» Task to complete: Verbatim copy without images: return all of the data as it stands.

» Collected data:
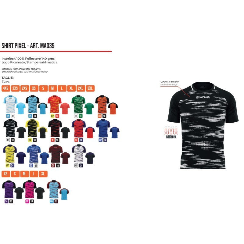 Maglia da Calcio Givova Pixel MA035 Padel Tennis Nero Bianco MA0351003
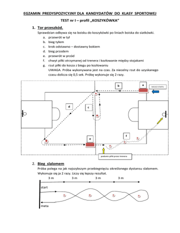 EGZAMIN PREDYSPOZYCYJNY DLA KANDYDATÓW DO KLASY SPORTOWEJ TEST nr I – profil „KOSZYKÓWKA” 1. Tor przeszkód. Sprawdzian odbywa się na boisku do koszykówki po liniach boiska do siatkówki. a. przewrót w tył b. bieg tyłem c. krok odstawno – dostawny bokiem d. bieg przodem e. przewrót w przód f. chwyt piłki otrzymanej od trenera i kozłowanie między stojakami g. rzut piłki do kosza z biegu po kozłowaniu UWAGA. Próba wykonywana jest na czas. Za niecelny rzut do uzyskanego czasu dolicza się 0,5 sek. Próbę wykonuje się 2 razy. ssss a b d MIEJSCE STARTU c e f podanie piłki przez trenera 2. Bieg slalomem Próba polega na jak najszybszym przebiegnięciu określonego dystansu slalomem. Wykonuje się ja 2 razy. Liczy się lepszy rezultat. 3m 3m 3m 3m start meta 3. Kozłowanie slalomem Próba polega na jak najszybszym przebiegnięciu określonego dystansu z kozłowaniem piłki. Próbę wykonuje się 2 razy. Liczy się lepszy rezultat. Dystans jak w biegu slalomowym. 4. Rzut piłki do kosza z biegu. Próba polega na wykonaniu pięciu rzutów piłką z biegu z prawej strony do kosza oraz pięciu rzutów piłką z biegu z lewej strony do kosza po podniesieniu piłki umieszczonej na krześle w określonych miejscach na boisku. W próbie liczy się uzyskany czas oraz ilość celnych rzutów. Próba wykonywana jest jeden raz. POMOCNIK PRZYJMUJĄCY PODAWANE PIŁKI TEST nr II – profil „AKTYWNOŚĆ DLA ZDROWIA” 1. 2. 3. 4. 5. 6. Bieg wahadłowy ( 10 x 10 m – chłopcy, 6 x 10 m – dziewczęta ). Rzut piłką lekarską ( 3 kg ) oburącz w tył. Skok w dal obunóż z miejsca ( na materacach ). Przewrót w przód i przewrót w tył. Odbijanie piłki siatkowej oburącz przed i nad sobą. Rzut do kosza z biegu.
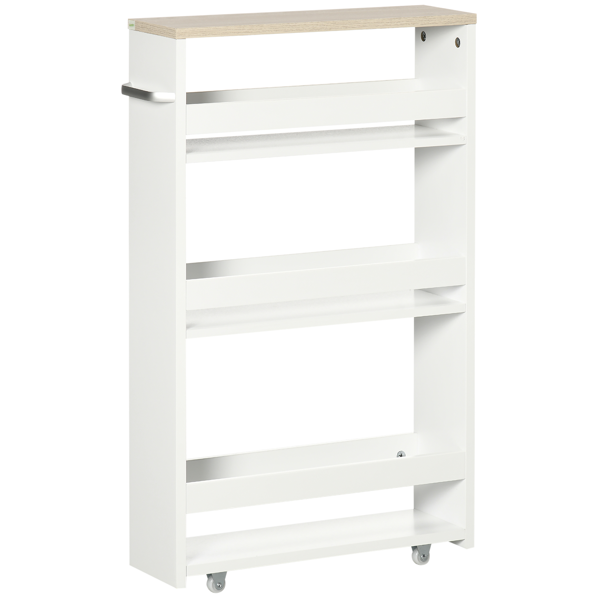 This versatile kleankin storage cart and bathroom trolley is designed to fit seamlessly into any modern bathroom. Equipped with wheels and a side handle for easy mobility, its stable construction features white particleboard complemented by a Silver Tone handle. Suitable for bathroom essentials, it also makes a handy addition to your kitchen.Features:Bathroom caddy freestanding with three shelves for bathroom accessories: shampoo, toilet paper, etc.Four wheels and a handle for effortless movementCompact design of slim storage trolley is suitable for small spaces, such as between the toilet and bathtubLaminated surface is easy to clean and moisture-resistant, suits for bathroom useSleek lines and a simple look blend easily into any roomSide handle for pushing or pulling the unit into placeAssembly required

» Response to the exercise:
 Maglia da Calcio Givova Pixel MA035 Padel Tennis Nero Bianco MA0351003
 EGZAMIN PREDYSPOZYCYJNY DLA KANDYDATÓW DO KLASY SPORTOWEJ TEST nr I – profil „KOSZYKÓWKA” 1. Tor przeszkód. Sprawdzian odbywa się na boisku do koszykówki po liniach boiska do siatkówki. a. przewrót w tył b. bieg tyłem c. krok odstawno – dostawny bokiem d. bieg przodem e. przewrót w przód f. chwyt piłki otrzymanej od trenera i kozłowanie między stojakami g. rzut piłki do kosza z biegu po kozłowaniu UWAGA. Próba wykonywana jest na czas. Za niecelny rzut do uzyskanego czasu dolicza się 0,5 sek. Próbę wykonuje się 2 razy. ssss a b d MIEJSCE STARTU c e f podanie piłki przez trenera 2. Bieg slalomem Próba polega na jak najszybszym przebiegnięciu określonego dystansu slalomem. Wykonuje się ja 2 razy. Liczy się lepszy rezultat. 3m 3m 3m 3m start meta 3. Kozłowanie slalomem Próba polega na jak najszybszym przebiegnięciu określonego dystansu z kozłowaniem piłki. Próbę wykonuje się 2 razy. Liczy się lepszy rezultat. Dystans jak w biegu slalomowym. 4. Rzut piłki do kosza z biegu. Próba polega na wykonaniu pięciu rzutów piłką z biegu z prawej strony do kosza oraz pięciu rzutów piłką z biegu z lewej strony do kosza po podniesieniu piłki umieszczonej na krześle w określonych miejscach na boisku. W próbie liczy się uzyskany czas oraz ilość celnych rzutów. Próba wykonywana jest jeden raz. POMOCNIK PRZYJMUJĄCY PODAWANE PIŁKI TEST nr II – profil „AKTYWNOŚĆ DLA ZDROWIA” 1. 2. 3. 4. 5. 6. Bieg wahadłowy ( 10 x 10 m – chłopcy, 6 x 10 m – dziewczęta ). Rzut piłką lekarską ( 3 kg ) oburącz w tył. Skok w dal obunóż z miejsca ( na materacach ). Przewrót w przód i przewrót w tył. Odbijanie piłki siatkowej oburącz przed i nad sobą. Rzut do kosza z biegu.
 This versatile kleankin storage cart and bathroom trolley is designed to fit seamlessly into any modern bathroom. Equipped with wheels and a side handle for easy mobility, its stable construction features white particleboard complemented by a Silver Tone handle. Suitable for bathroom essentials, it also makes a handy addition to your kitchen.Features:Bathroom caddy freestanding with three shelves for bathroom accessories: shampoo, toilet paper, etc.Four wheels and a handle for effortless movementCompact design of slim storage trolley is suitable for small spaces, such as between the toilet and bathtubLaminated surface is easy to clean and moisture-resistant, suits for bathroom useSleek lines and a simple look blend easily into any roomSide handle for pushing or pulling the unit into placeAssembly required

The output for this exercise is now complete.